Data for this exercise START

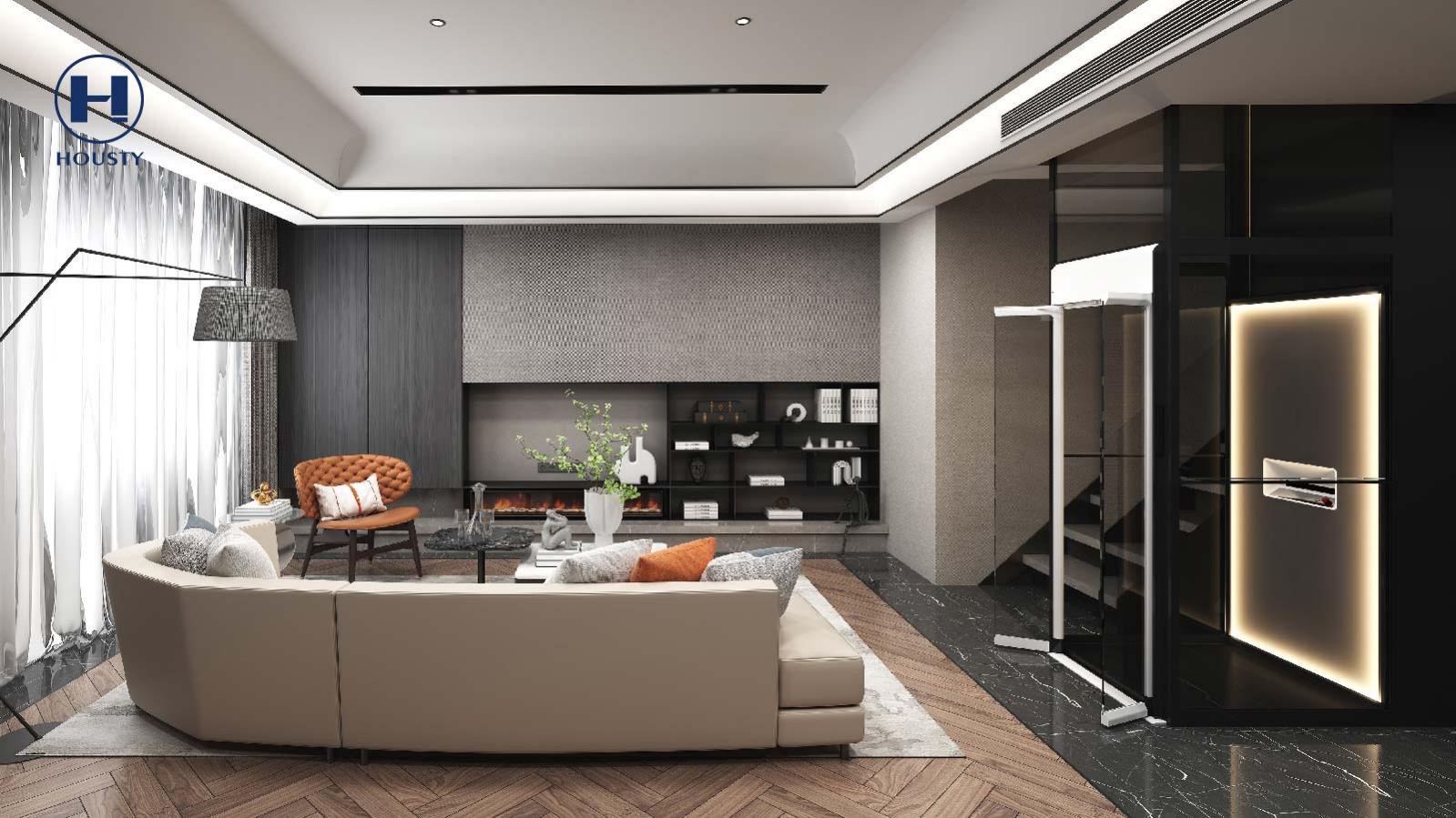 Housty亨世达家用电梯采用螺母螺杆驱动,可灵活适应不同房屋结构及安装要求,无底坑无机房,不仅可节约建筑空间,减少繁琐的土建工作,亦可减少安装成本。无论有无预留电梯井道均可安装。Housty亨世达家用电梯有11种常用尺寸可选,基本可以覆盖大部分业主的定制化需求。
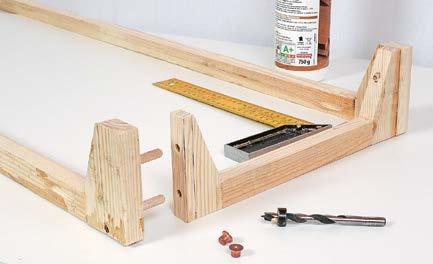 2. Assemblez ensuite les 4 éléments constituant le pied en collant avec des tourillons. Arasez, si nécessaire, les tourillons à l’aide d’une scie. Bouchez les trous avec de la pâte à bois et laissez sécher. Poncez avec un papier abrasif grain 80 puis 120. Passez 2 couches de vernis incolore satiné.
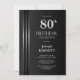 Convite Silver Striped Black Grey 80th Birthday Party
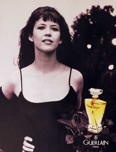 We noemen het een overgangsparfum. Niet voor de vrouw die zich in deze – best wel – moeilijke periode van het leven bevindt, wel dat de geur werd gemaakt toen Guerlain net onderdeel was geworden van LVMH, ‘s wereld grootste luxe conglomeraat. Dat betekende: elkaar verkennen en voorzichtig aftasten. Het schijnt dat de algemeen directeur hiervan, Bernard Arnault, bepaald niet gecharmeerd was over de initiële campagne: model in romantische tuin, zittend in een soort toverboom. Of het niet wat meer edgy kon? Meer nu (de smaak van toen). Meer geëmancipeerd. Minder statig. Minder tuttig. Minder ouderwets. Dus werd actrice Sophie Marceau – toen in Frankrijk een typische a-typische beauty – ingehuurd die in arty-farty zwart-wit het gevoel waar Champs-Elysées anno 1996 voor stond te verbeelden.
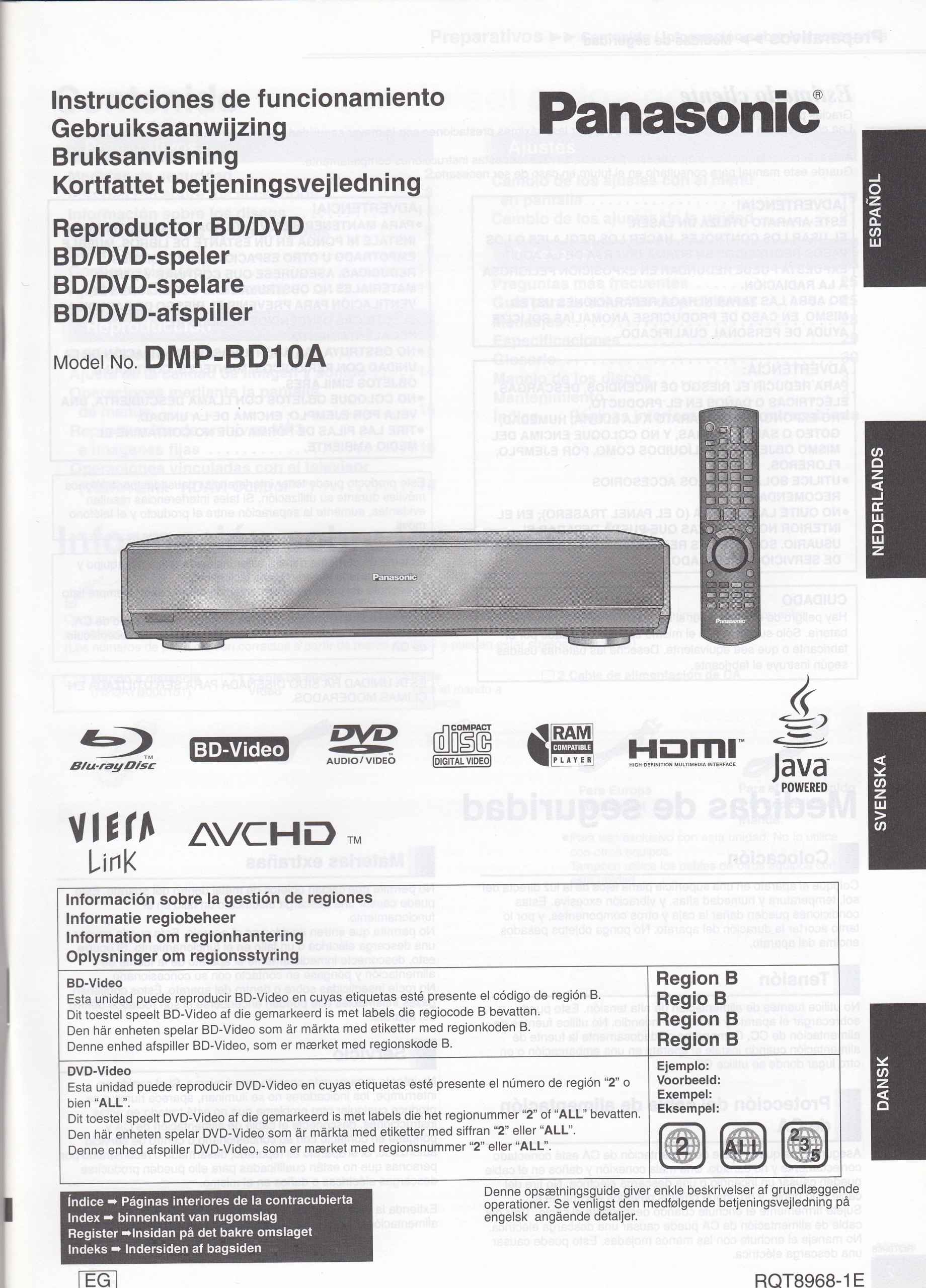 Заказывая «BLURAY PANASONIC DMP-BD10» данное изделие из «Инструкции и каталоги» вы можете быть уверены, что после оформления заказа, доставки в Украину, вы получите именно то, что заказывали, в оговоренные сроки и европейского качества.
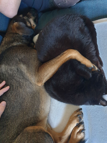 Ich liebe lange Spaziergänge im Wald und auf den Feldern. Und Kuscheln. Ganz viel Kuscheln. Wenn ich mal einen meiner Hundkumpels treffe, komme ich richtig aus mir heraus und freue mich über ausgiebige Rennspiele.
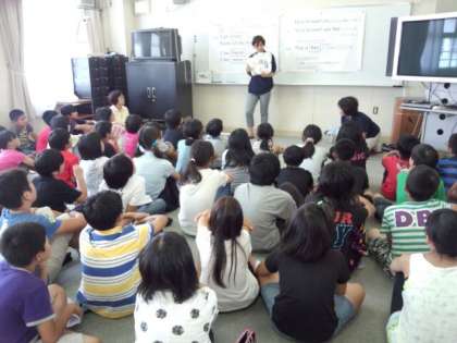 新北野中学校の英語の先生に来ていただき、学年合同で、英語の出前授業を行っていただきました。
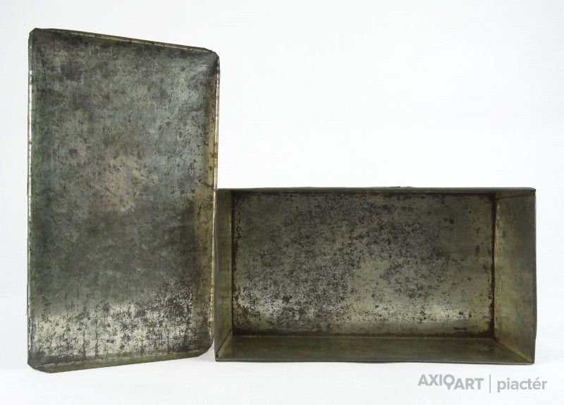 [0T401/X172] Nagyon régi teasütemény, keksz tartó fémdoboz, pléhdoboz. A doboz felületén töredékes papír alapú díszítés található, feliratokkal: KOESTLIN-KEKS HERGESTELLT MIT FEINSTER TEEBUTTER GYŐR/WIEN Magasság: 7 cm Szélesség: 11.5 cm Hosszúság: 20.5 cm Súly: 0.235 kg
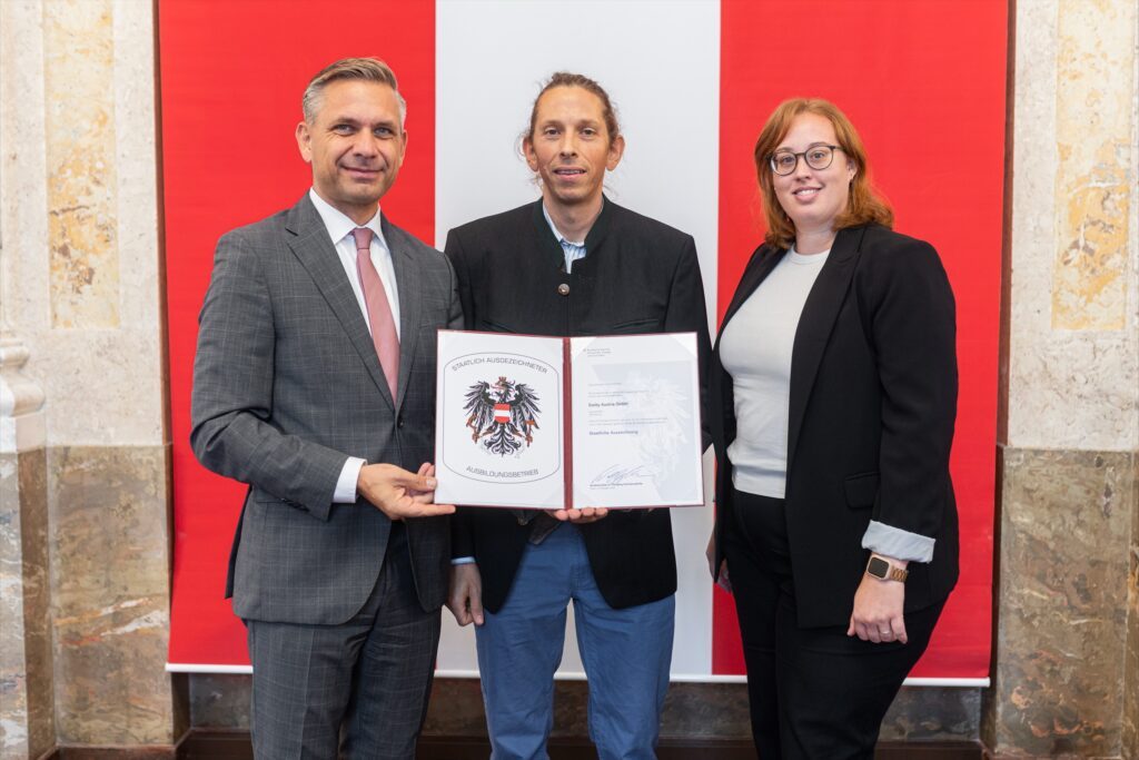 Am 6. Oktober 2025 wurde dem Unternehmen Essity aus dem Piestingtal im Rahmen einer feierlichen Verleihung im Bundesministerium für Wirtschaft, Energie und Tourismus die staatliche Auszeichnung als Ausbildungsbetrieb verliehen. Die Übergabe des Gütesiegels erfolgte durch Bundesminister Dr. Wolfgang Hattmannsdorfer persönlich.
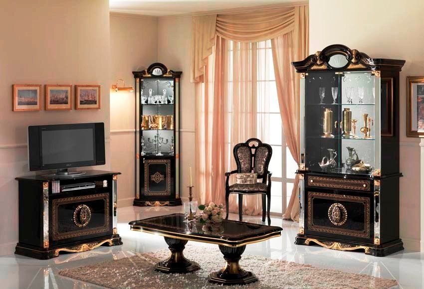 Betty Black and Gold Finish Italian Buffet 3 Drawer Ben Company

Data for this exercise END

**Exercise:**
Write out, word for word, the lines from the first line of the entries through the one containing "Convite Silver Striped", both included. Leave out the pictures.

**Result for this task:**
 Housty亨世达家用电梯采用螺母螺杆驱动,可灵活适应不同房屋结构及安装要求,无底坑无机房,不仅可节约建筑空间,减少繁琐的土建工作,亦可减少安装成本。无论有无预留电梯井道均可安装。Housty亨世达家用电梯有11种常用尺寸可选,基本可以覆盖大部分业主的定制化需求。
 2. Assemblez ensuite les 4 éléments constituant le pied en collant avec des tourillons. Arasez, si nécessaire, les tourillons à l’aide d’une scie. Bouchez les trous avec de la pâte à bois et laissez sécher. Poncez avec un papier abrasif grain 80 puis 120. Passez 2 couches de vernis incolore satiné.
 Convite Silver Striped Black Grey 80th Birthday Party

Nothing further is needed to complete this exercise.